▶ _Records drawn from a dataset_
────────────────

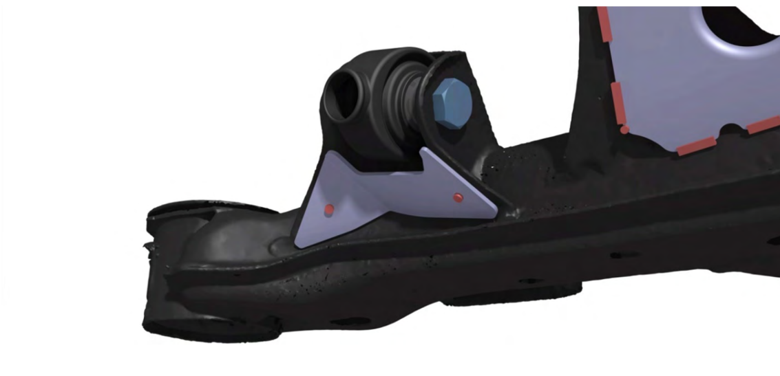
Image 10. Lower control arm front bracket brace plug welds
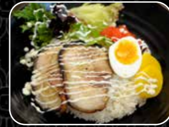
R7. CHASHU DON $12.80

Crumbed chicken/pork in curry sauce on rice with salad and (vegetarian option available: cauliflower, carrot, fresh tofu, broccoli instead of chicken/pork)
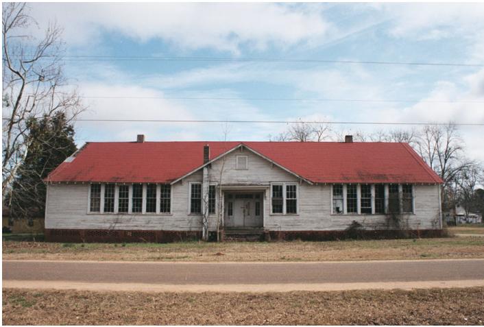
The Smithville Rosenwald School is an example of an intact four-classroom wooden building. When the school closed in 1955, it was converted to apartments. This photo was taken in 2005.
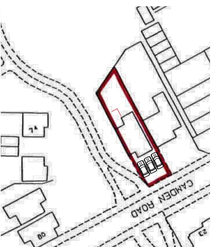
Site & Car Parking Plan 1:500
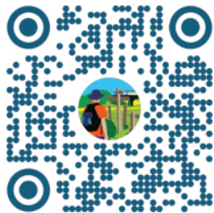
SCAN FOR OUR GUIDED WALKS PROGRAMME

If you prefer a self-guided walk then visit our website, where we have links to many trails accessible from the Penistone Line in Kirklees, Barnsley, and North Sheffield. Follow routes such as The Five Weirs Walk near Meadowhall, the Holme Valley Circular, or those from the many 'Walkers are Welcome' routes directly from the station around beautiful areas such as Denby Dale.
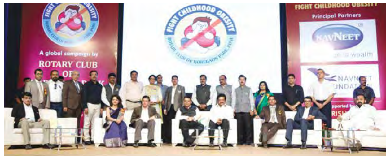
Hon'ble Chief Minister of Maharashtra, Shri Devendra Fadnavis inaugurating short film on awareness on Childhood Obesity
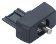
ART No 270160/3
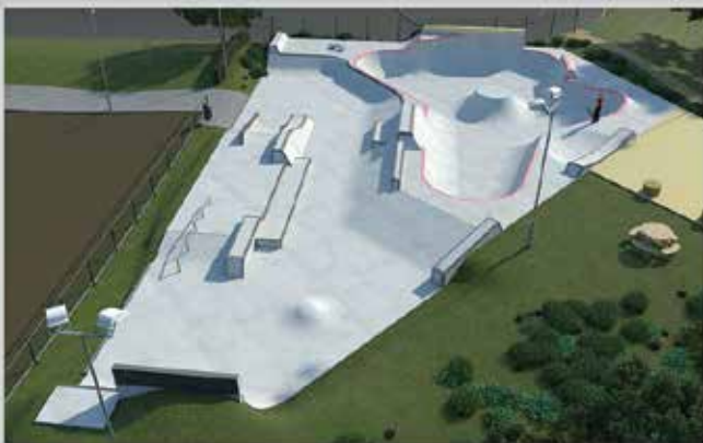
Bradley Stoke Park Skatepark Bradley Stoke, South Gloucestershire - As-Built Design - Visualisation 2

It is anticipated that the build will take between 12 and 16 weeks (dependant on weather conditions).
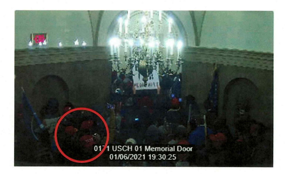
At approximately 2:32 PM, CCV captured persons believed to be KEVIN and DYLAN entering the Statuary Hall West area of the U.S. Capitol building.
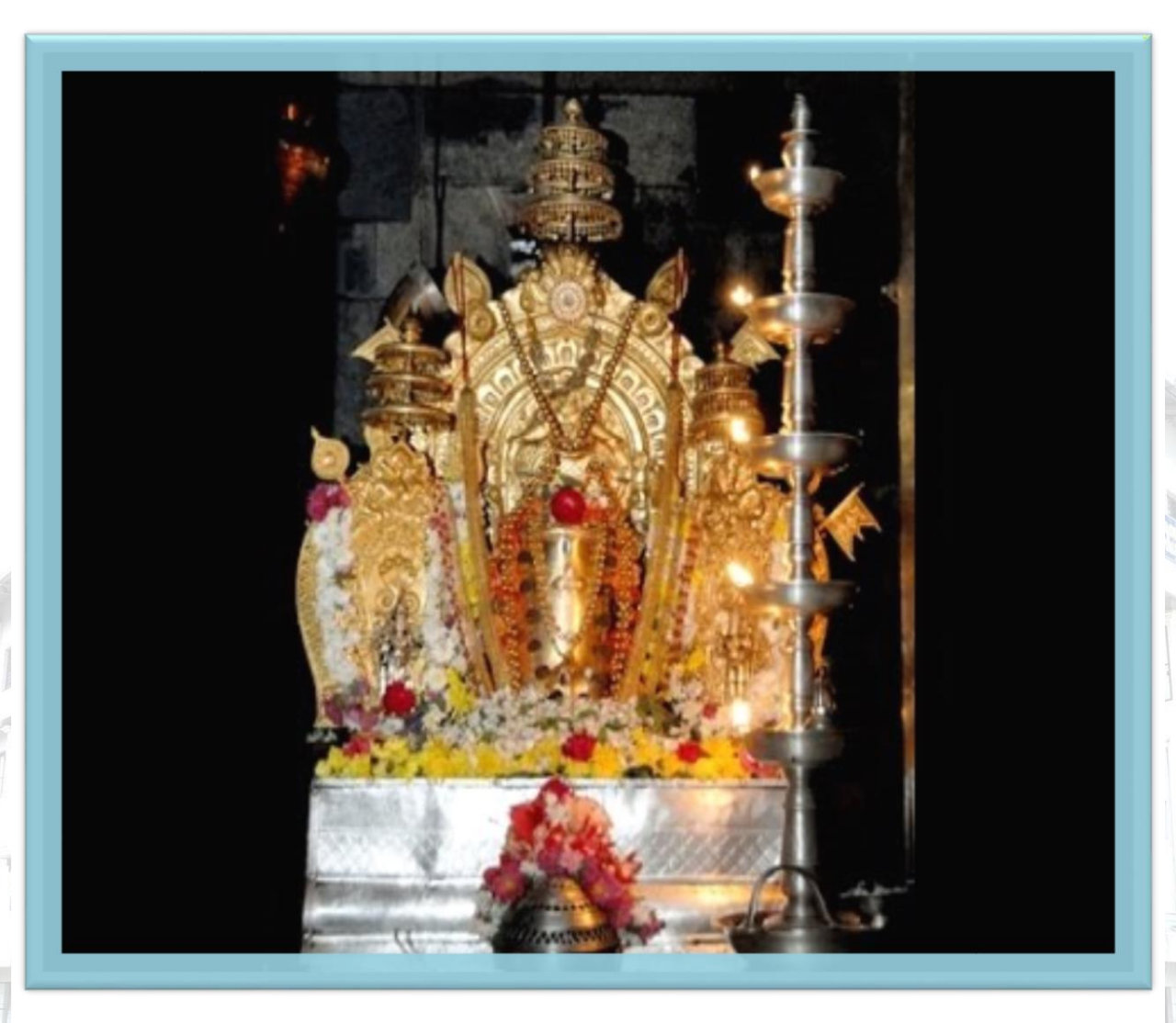
Lord Manjunatheshwara Dharmasthala
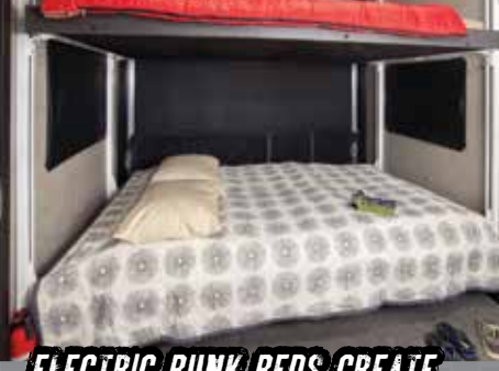
ELECTRIC BUNK BEDS CREATE THE ULTIMATE BUNK HOUSE
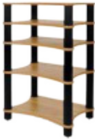
Solo 5 - 680 mm
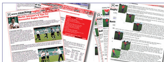
SEE TECHNICAL JOURNALS & EXPERT OPINIONS
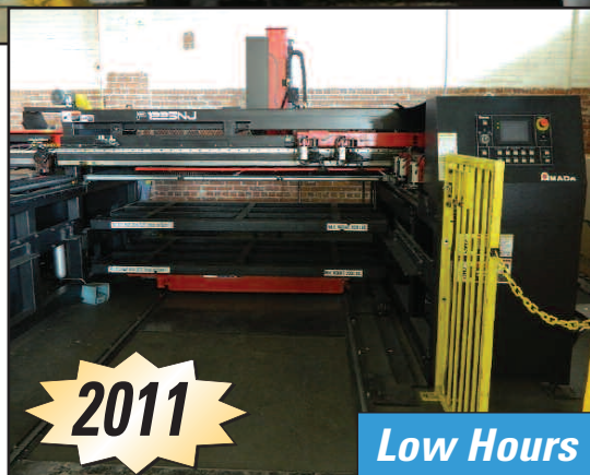
Amada CNC Load/Unload System

────────────────

▶ _WORK INSTRUCTIONS_
Filter the records above, keeping each line that contains the word "building".

▶ _ANSWER TO THE PROBLEM_
The Smithville Rosenwald School is an example of an intact four-classroom wooden building. When the school closed in 1955, it was converted to apartments. This photo was taken in 2005.
At approximately 2:32 PM, CCV captured persons believed to be KEVIN and DYLAN entering the Statuary Hall West area of the U.S. Capitol building.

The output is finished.